[[ EXCERPTED RECORDS open ]]
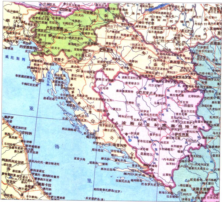
克罗地亚行政区划图
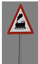
1938_121_KK1 1938 BÜ aSK1 aus Schilder-Katalog
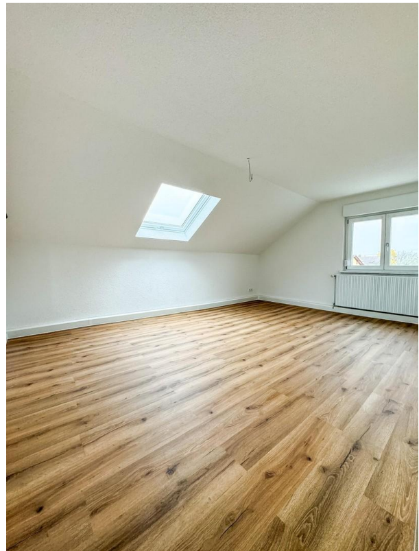
Schlafzimmer 1 DG
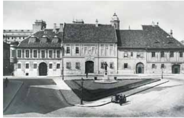
Bécsi kapu tér a Kazinczy-emlékkúttal 1940 körül

A tér többi házai is szépek: 1. számú 1795-ben copf stílusban épült, a 2–4. szá-
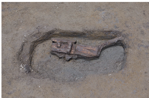
1 第 519 号土坑
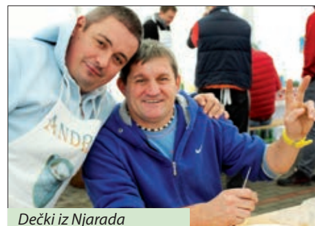
Dečki iz Njarada
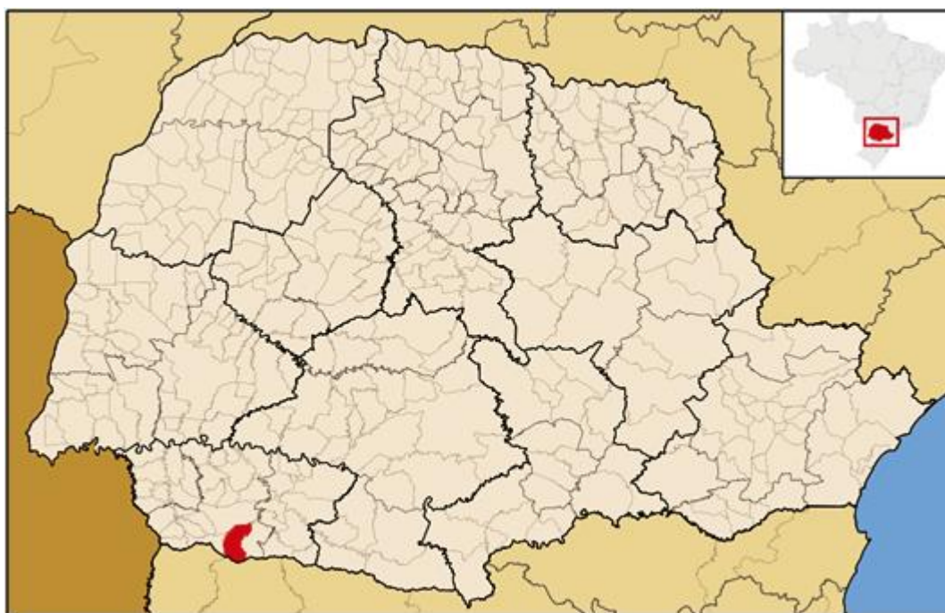
Figura 1. Localização do Município de Marmeleiro – PR.

Segundo a Prefeitura Municipal de Marmeleiro (2014), a economia do município baseia-se principalmente na atividade agropecuária, com indústrias de alumínio, metalúrgicas, indústrias de baterias, indústria moveleira e possui, também, atividades voltadas para o varejo.
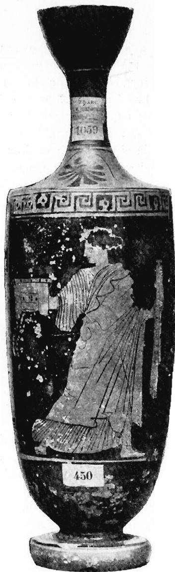
Fig. 11. Lecyta z kobietą kroczącą.
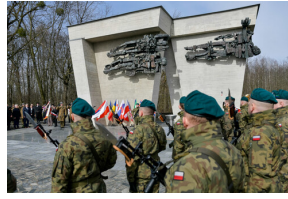
78. rocznica wyzwolenia Stalagu 344 Lamsdorf - Łambinowice, 17 marca 2023.
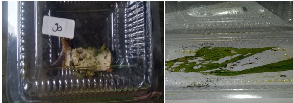
Gambar : Hasil dari pemberian ekstrak daun pepaya pada ulat krup
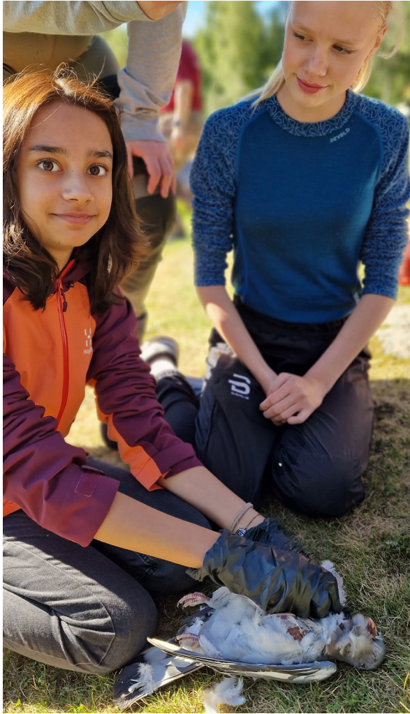
22. august: Duejakt Åsnes 9A og 9B
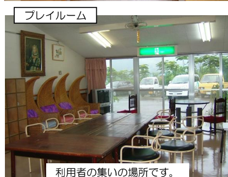
利用者の集いの場所です。
[[ EXCERPTED RECORDS closed ]]
INSTRUCTIONS TO FOLLOW:
Return the lines from the one containing "Figura 1. Localização" through the last line of the records, both included, exactly as written and with no pictures.

EXERCISE RESPONSE:
Figura 1. Localização do Município de Marmeleiro – PR.

Segundo a Prefeitura Municipal de Marmeleiro (2014), a economia do município baseia-se principalmente na atividade agropecuária, com indústrias de alumínio, metalúrgicas, indústrias de baterias, indústria moveleira e possui, também, atividades voltadas para o varejo.
Fig. 11. Lecyta z kobietą kroczącą.
78. rocznica wyzwolenia Stalagu 344 Lamsdorf - Łambinowice, 17 marca 2023.
Gambar : Hasil dari pemberian ekstrak daun pepaya pada ulat krup
22. august: Duejakt Åsnes 9A og 9B
利用者の集いの場所です。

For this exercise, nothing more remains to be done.